Problem to work on:
In the records below, which lines include "Walnut"? Copy them.

Task inputs:
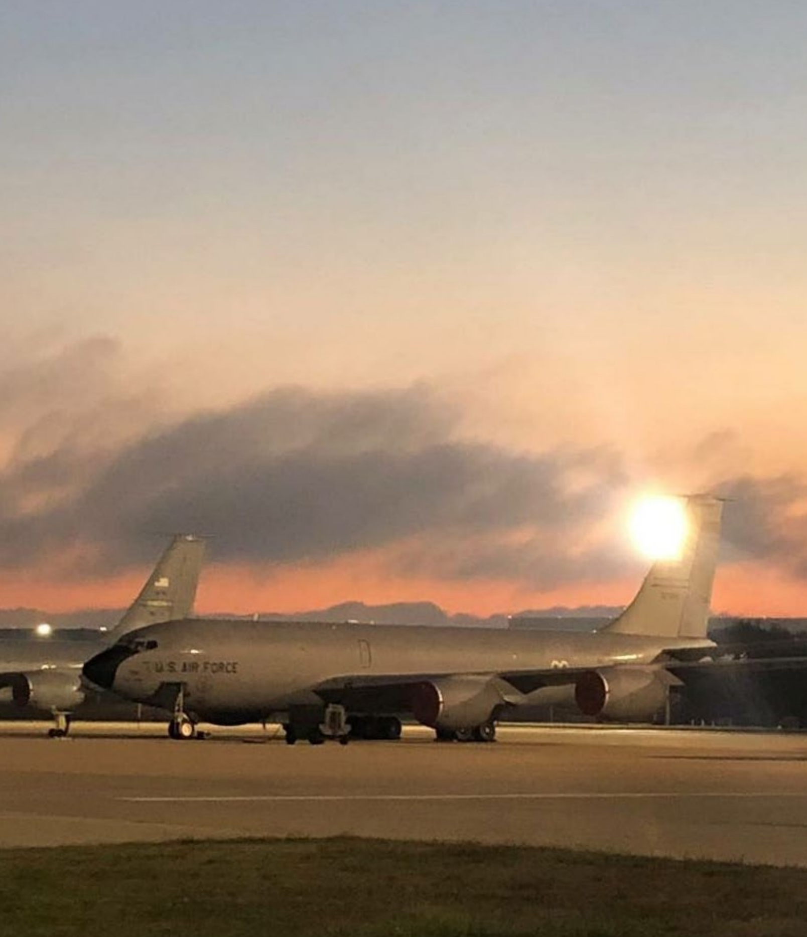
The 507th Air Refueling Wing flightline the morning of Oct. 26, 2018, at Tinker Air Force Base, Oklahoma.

* * *

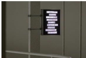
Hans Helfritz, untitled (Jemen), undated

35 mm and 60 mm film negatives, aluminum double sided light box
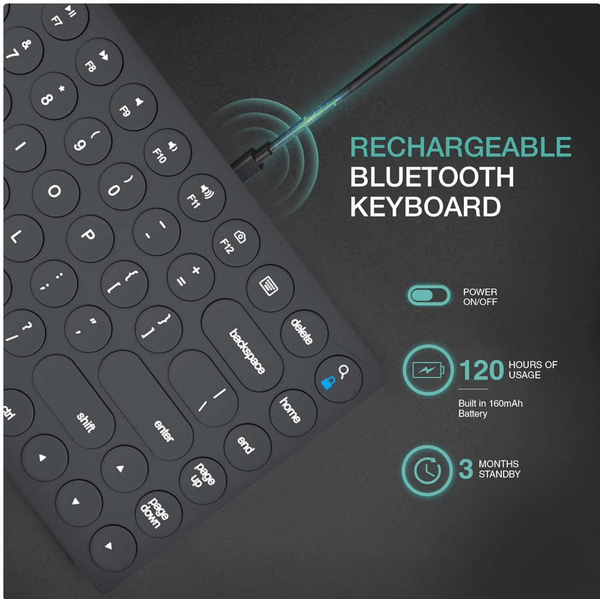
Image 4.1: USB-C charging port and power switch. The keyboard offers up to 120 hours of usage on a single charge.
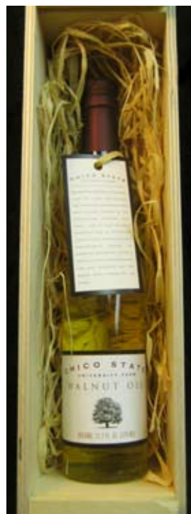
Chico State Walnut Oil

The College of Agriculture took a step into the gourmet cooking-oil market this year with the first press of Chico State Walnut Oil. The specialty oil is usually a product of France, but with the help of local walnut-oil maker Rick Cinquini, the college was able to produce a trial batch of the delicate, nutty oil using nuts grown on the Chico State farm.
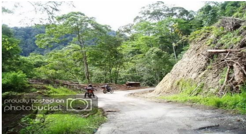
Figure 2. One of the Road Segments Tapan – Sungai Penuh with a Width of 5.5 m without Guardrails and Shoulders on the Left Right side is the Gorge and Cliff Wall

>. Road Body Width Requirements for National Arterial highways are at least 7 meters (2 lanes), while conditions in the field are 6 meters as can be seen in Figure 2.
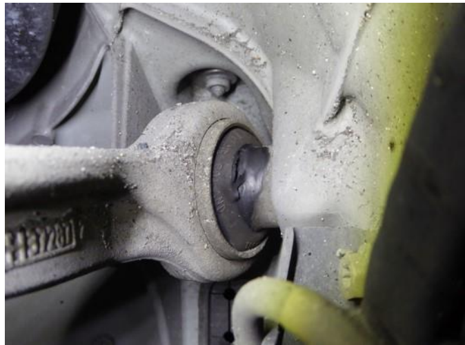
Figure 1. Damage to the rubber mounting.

---

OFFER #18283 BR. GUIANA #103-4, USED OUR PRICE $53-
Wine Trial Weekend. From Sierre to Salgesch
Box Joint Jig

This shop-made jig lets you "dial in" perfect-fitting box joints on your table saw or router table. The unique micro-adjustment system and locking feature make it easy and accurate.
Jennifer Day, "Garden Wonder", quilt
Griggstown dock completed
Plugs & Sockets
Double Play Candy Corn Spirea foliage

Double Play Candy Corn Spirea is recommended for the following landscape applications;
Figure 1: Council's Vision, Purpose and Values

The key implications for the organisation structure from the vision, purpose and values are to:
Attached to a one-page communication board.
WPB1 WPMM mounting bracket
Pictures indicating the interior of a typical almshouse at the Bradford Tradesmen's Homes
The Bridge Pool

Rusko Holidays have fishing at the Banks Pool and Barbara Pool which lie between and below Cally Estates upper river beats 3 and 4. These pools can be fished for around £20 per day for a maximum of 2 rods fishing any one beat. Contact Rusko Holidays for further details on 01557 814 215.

Answer section:
Chico State Walnut Oil
The College of Agriculture took a step into the gourmet cooking-oil market this year with the first press of Chico State Walnut Oil. The specialty oil is usually a product of France, but with the help of local walnut-oil maker Rick Cinquini, the college was able to produce a trial batch of the delicate, nutty oil using nuts grown on the Chico State farm.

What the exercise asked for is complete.